When we don’t understand behavior it is easy to oversimplify, easy to apply a label and a set of beliefs in relation to the actions. Just as we assess physical symptoms, we assess compliance and we place a value on it. Compliant patients are “good patients” and though we may not want to identify a noncompliant patient as “bad,” there is often a negative connotation. And the negative connotation is often projected onto the patient. This is especially true if the health care provider feels that the proper education and information have been conveyed. The patient’s failure to comply isn’t because they don’t know, after all multiple providers have emphasized the importance of the treatment or medication. It’s the refusal to do what we recommend, which is “wrong.”
What causes an otherwise reasonable person to reject medical advice? Certainly each situation is unique, but there is often a common theme, which is that the patient rejects the premise. Do we take the time to dig into that reason? Do we take noncompliance personally? I can only speak for myself in my practice ― sometimes I do. Especially when I feel confident, even proud, of the instruction and education I have provided. When a patient rejects my instructions I find myself feeling responsible or disappointed. Indeed, there are times when other health care providers will ask us as nurses “Why didn’t he/she take their medication?” As if we are complicit in the refusal.
How does all of this relate to the the provenance of the phrase hocus pocus? Maybe there is a little magical thinking when it comes to addressing noncompliance. Perhaps, we think, repeating the same instructions again and again will lead a patient to comply. Or the other magical thought, I will be the one to say just the right thing, use just the right words and convince them to follow instructions. Hocus pocus. We use our skills and experience when providing the knowledge basis for treatment to patients. We give statistics, rationale, even strategies. That is the knowing part. But the other part of the equation is the understanding part. Putting the information into context. We can work toward that by asking for clarification. “Tell me what you understand about this treatment.” or “Help me understand your reluctance to take the medication as prescribed.” And wait.

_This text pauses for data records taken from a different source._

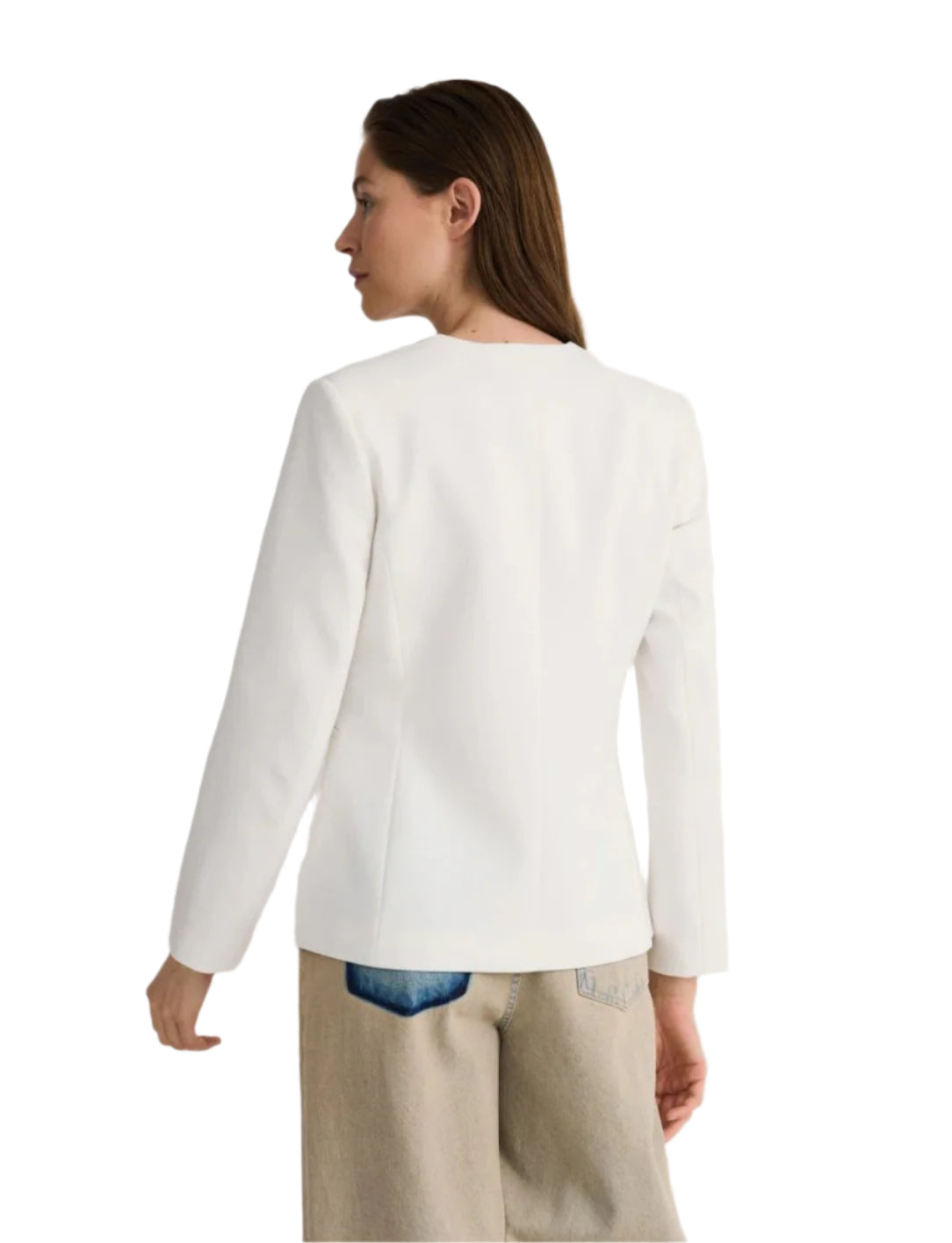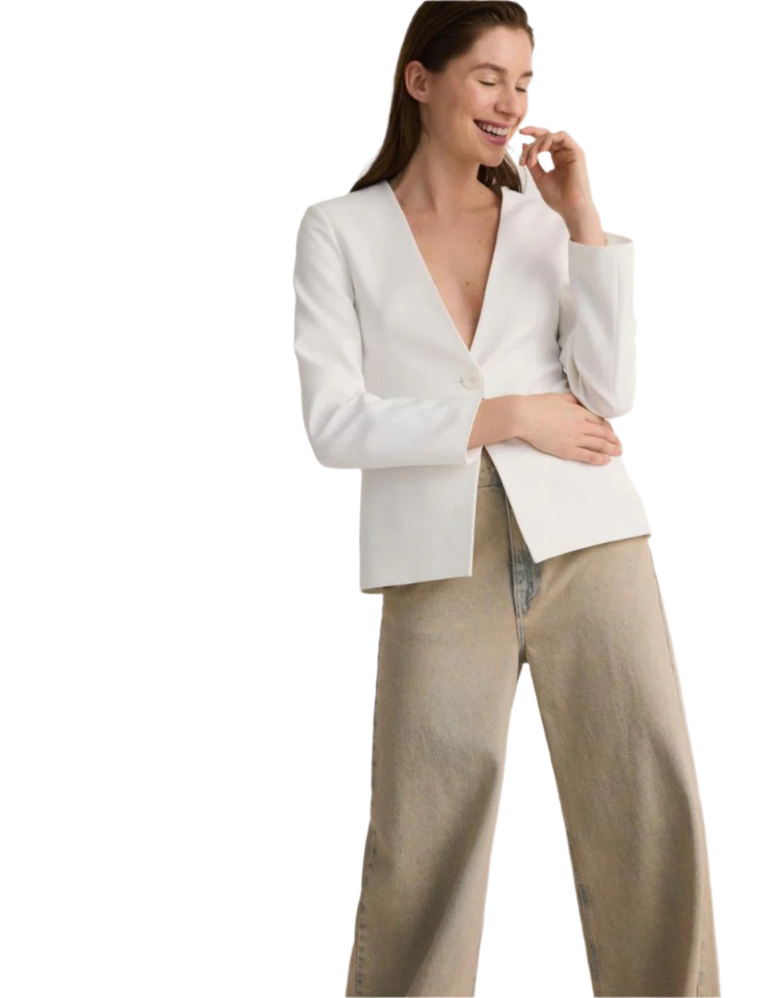 Címke nélküli, fehér, elegáns blézer minimalista egygombos záródással. Karcsúsított szabású, letisztult vonalvezetésű, amely modern és nőies megjelenést kölcsönöz. Alkalmas üzleti viseletként, elegáns eseményekre vagy divatos hétköznapi outfithez.
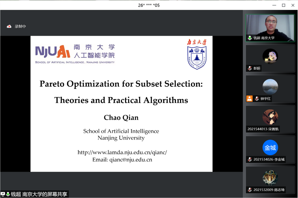 上半场,钱超老师以子集选择为题,讲述了子集选择的应用案例及多目标演化算法求解子集选择的问题。钱老师首先以传感器选择、自然语言处理中的文本摘要等为例,向同学们生动展示了什么是子集选择及其解决的问题。随后,钱老师介绍了子集问题的优化解决算法的进化过程——单目标优化、双目标优化、多目标优化。最后,针对子集选择的Pareto优化方法,老师分别深入介绍了具体案例改进的大规模子集选择、带噪子集选择、动态子集选择的Pareto优化算法。至此,会议上半程关于子集选择问题的学术分享圆满结束。
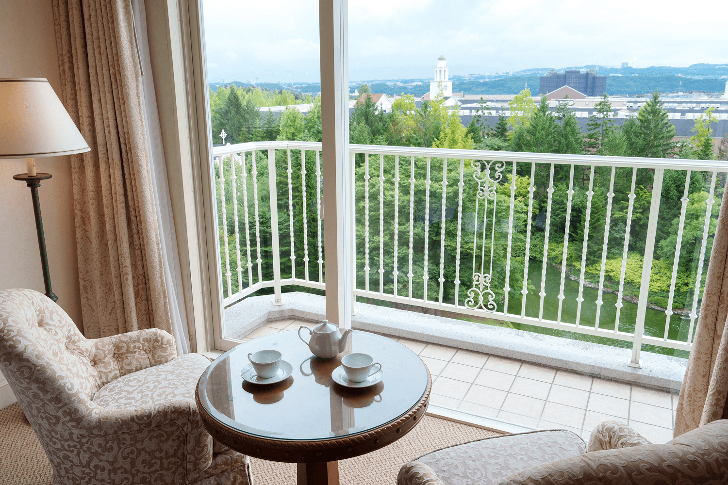 ガーデンを望むバルコニーで四季折々のリゾートステイをおたのしみください。
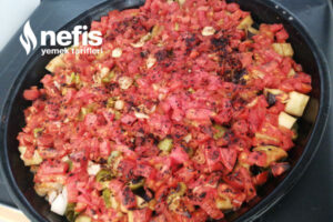 3. Son olarak üzerine domatesi yayalım ,üzerimi kaplayacak halde son olarak sıvı yağ üzerine kaşıkla azar azar gezdirelim.
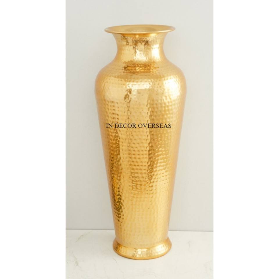 Beau vase à fleurs en aluminium moulé plaqué or pour la maison et l'hôtel, fournitures de décoration de centre de table de salle à manger
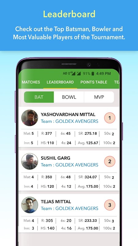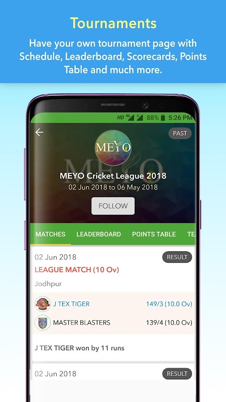 You can use CricSync Cricket Scoring App to record and maintain your college cricket tournament, corporate cricket leagues, school cricket tournaments and any other cricket match or tournament.
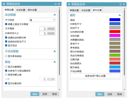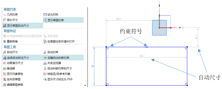 为了提升工作效率,三维软件的草图模块设置了一些默认功能,如显示约束:显示曲线对象的约束符号,自动标注尺寸:自动添加未标注的尺寸(注意颜色和已标注尺寸的区别)、自动判断约束:根据曲线自动添加常规的约束类型。这些内容均可通过草图首选项进行设置。
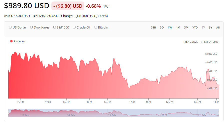 Platinum shed 0.2% to $976.80 and eyed a weekly decline.
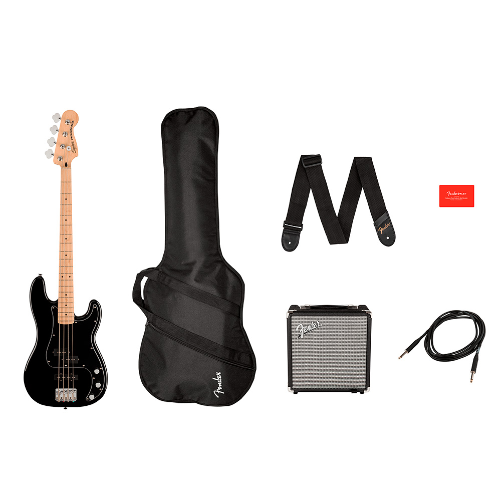 - Incluye: suscripción gratuita de 3 meses a Fender Play, amplificador de bajo Rumble 15, funda acolchada, cable de instrumento de 10 pies y correa de instrumento.
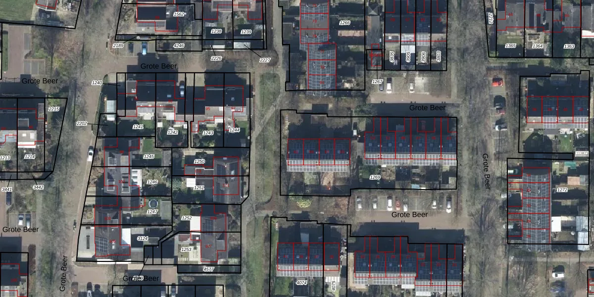 Het perceel waarop Grote Beer 61 staat heeft een oppervlakte van 1515 m². Dit is een zeer groot perceel. De perceeloppervlakte wordt geregistreerd door het Kadaster. Gedetailleerde informatie over de maten van dit perceel kunt u vinden in het rapport Kadastrale kaart met maatvoering van Grote Beer 61.

One patient I was working with recently had a clear understanding of why a certain medication regimen to manage his symptoms was prescribed. He could tell me back what I had said. There was no confusion on his part. My attempts to convince him to take the medication were repeatedly ignored. I could not figure out why and neither could his wife or others involved in his care. Ultimately I learned that part of this patient’s noncompliance was fatigue, physical as well as pill fatigue. He just didn’t want to follow any more instructions. Being able to control this one little aspect of his life was more valuable than complying with anything we had to offer him. There is a similarity between noncompliance and the designation of a patient as being “in denial.” But both denial and noncompliance are not end points, they are starting points. They are a place to inquire, a time to expand communication in a nonjudgmental way. An opportunity to provide clarification but also a place to advocate for a patients autonomy. It isn’t easy when we know that the treatment offered will benefit the patient and we cannot get them to endorse it. It is hard to back away and allow for that. But it is as important to keep the lines of communication open, which may be one of the ways to convert noncompliance to compliance. Or a way to find our own footing in a complex dynamic.